I WAS MEETING

 

I was meeting my fiancé’s parents for the very first time. His father awkwardly avoided eye contact, especially glancing near my chest. His mother gave me a smirk and said, “Well, my son is a lucky man!” I wanted to disappear on the spot. But it wasn’t until I got home and undressed that I…

understood why.

My blouse had come completely unbuttoned — right down the center.

I had sat through the entire lunch with half of my bra exposed.

I was mortified.

I immediately texted Emrys, my fiancé, panicking: “Why didn’t you tell me?!”

He replied, “I didn’t even notice! I was too nervous about how they’d treat you.”

It made me smile — briefly.

But as I stared at myself in the mirror, my eyes drifted from my blouse to something else. Something I had been trying to ignore.

The faint bruise on my collarbone. It hadn’t faded. It hadn’t gone away.

I hadn’t told Emrys about the mammogram I scheduled a month earlier. I assumed it was nothing — stress, hormones. But now I wondered… if his mom noticed my blouse, had she noticed the bruise too?

I needed answers.

The next morning, I called the clinic to ask about my test results.

The receptionist hesitated. “Actually… there’s a note here. You were scheduled to come back for a follow-up. Two weeks ago.”

“What?” I felt my stomach twist. “No one contacted me.”

She apologized and mentioned there had been a clerical mix-up — someone else’s contact information was linked to my file. I asked for the other person’s name.

She paused again.

“Raina Doucet,” she finally said.

My blood ran cold. That was Emrys’s mother.

It could’ve been a coincidence — same clinic, small town — but I couldn’t shake the memory of her smirk. Like she knew something I didn’t. Like it wasn’t just a wardrobe malfunction she was reacting to.
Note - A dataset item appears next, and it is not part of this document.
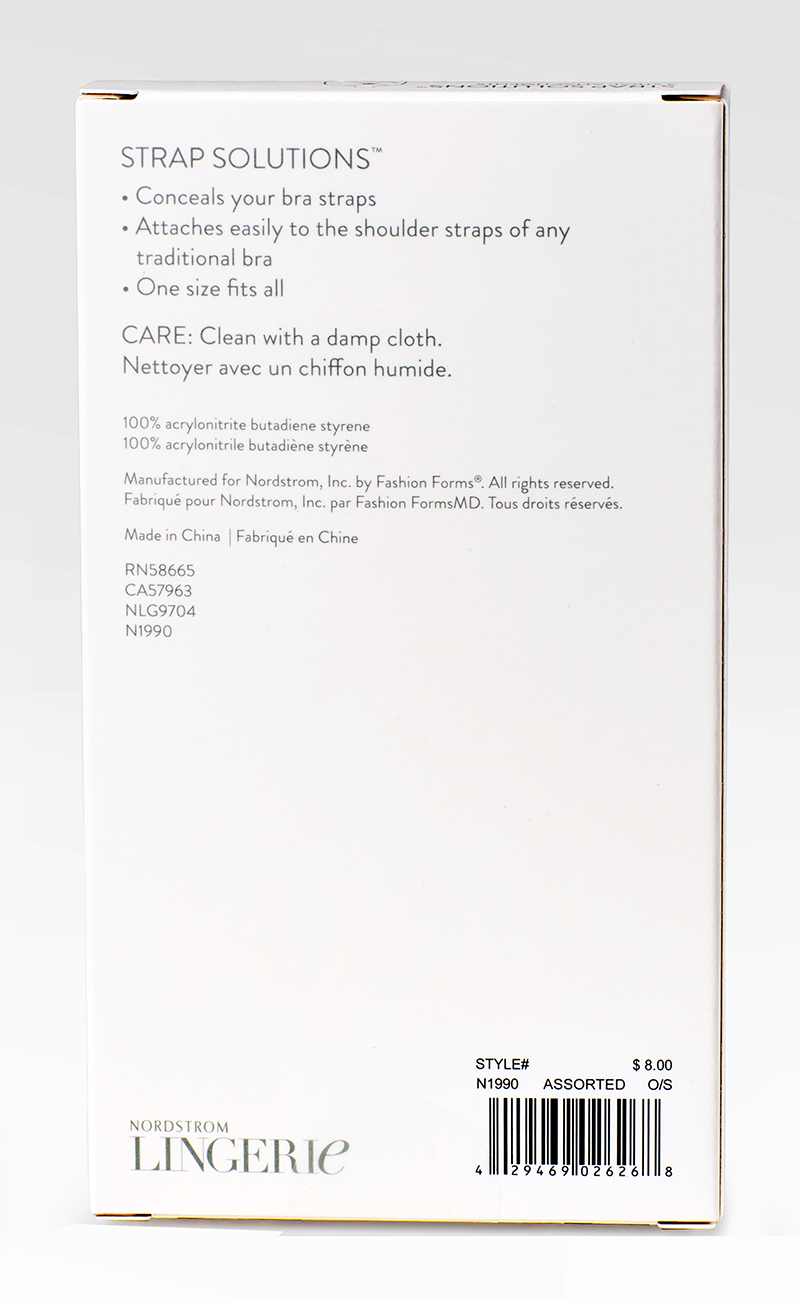 Nordstrom wanted to update their packaging for Fashion Forms products – not just to freshen the design aesthetics, but also to improve their packaging performance. Working together with the creative team at Nordstrom, we created this solution that showcases the product and stands up under moderate to heavy wear, without breaking the bank.

I decided to invite them over for dinner that weekend. A “do-over,” I called it.

His mother arrived in silk and smiles. His father brought a bottle of wine. Emrys fluttered around nervously, trying to keep everything light.

Halfway through dinner, I said calmly, “The clinic called. Apparently, I missed a follow-up appointment. But the contact information they had was yours, Mrs. Doucet.”